==== DATA PROVIDED

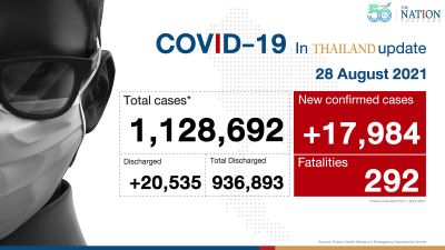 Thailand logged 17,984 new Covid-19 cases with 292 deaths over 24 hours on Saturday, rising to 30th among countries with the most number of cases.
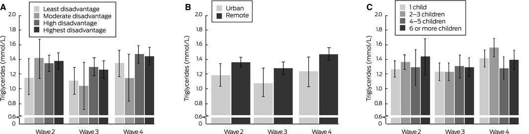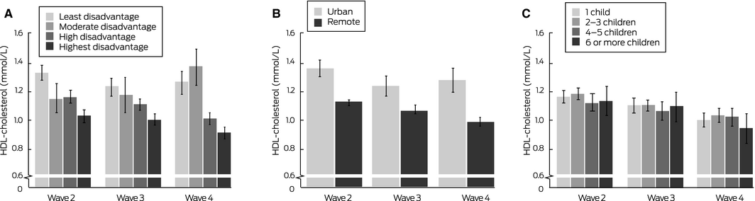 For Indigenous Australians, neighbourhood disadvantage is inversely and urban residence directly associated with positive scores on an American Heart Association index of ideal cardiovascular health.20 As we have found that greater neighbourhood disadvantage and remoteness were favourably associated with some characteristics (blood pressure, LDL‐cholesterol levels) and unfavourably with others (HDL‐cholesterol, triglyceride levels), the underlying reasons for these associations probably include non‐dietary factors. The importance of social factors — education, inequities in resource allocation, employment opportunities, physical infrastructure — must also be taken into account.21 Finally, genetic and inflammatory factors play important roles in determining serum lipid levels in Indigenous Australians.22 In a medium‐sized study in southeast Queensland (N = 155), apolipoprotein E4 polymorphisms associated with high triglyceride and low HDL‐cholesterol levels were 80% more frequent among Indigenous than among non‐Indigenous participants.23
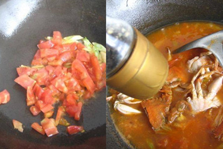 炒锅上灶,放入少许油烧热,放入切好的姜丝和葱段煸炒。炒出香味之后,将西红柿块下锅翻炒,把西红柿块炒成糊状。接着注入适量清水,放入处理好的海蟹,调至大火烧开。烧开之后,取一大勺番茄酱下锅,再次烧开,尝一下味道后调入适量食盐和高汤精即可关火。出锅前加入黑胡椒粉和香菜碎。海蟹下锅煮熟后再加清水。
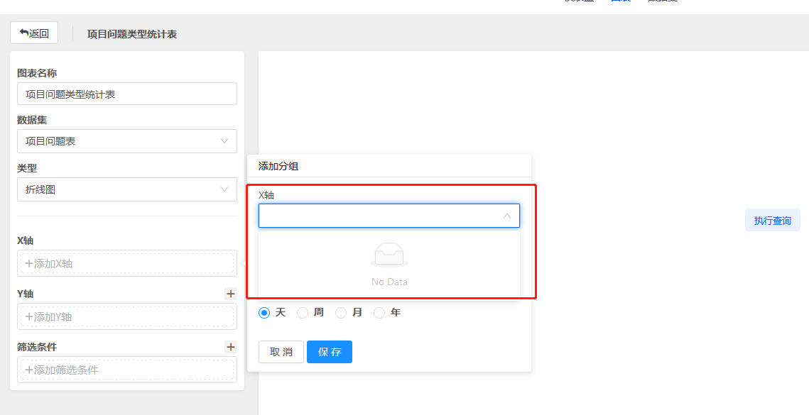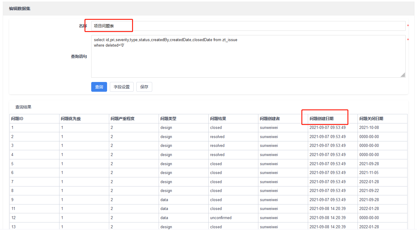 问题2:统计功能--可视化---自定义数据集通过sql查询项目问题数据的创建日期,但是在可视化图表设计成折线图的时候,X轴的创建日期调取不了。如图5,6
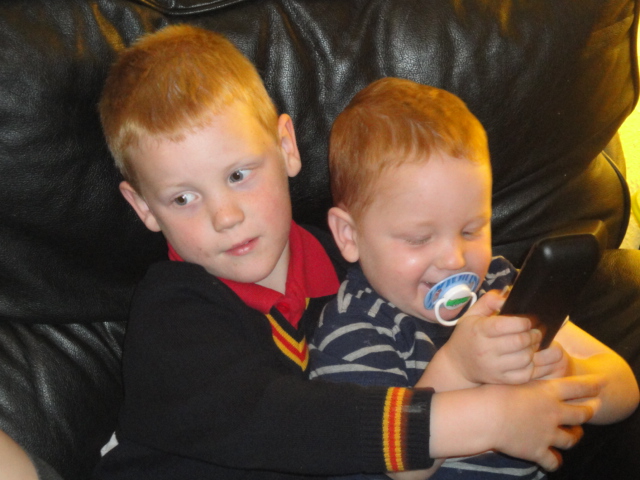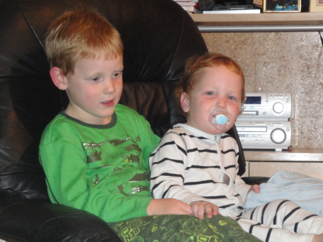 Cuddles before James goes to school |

========

**ACTION ITEM:** Before copying the data, remove the pictures. Then repeat the rest exactly.

**TASK SOLUTION:**
 Thailand logged 17,984 new Covid-19 cases with 292 deaths over 24 hours on Saturday, rising to 30th among countries with the most number of cases.
 For Indigenous Australians, neighbourhood disadvantage is inversely and urban residence directly associated with positive scores on an American Heart Association index of ideal cardiovascular health.20 As we have found that greater neighbourhood disadvantage and remoteness were favourably associated with some characteristics (blood pressure, LDL‐cholesterol levels) and unfavourably with others (HDL‐cholesterol, triglyceride levels), the underlying reasons for these associations probably include non‐dietary factors. The importance of social factors — education, inequities in resource allocation, employment opportunities, physical infrastructure — must also be taken into account.21 Finally, genetic and inflammatory factors play important roles in determining serum lipid levels in Indigenous Australians.22 In a medium‐sized study in southeast Queensland (N = 155), apolipoprotein E4 polymorphisms associated with high triglyceride and low HDL‐cholesterol levels were 80% more frequent among Indigenous than among non‐Indigenous participants.23
 炒锅上灶,放入少许油烧热,放入切好的姜丝和葱段煸炒。炒出香味之后,将西红柿块下锅翻炒,把西红柿块炒成糊状。接着注入适量清水,放入处理好的海蟹,调至大火烧开。烧开之后,取一大勺番茄酱下锅,再次烧开,尝一下味道后调入适量食盐和高汤精即可关火。出锅前加入黑胡椒粉和香菜碎。海蟹下锅煮熟后再加清水。
 问题2:统计功能--可视化---自定义数据集通过sql查询项目问题数据的创建日期,但是在可视化图表设计成折线图的时候,X轴的创建日期调取不了。如图5,6
 Cuddles before James goes to school |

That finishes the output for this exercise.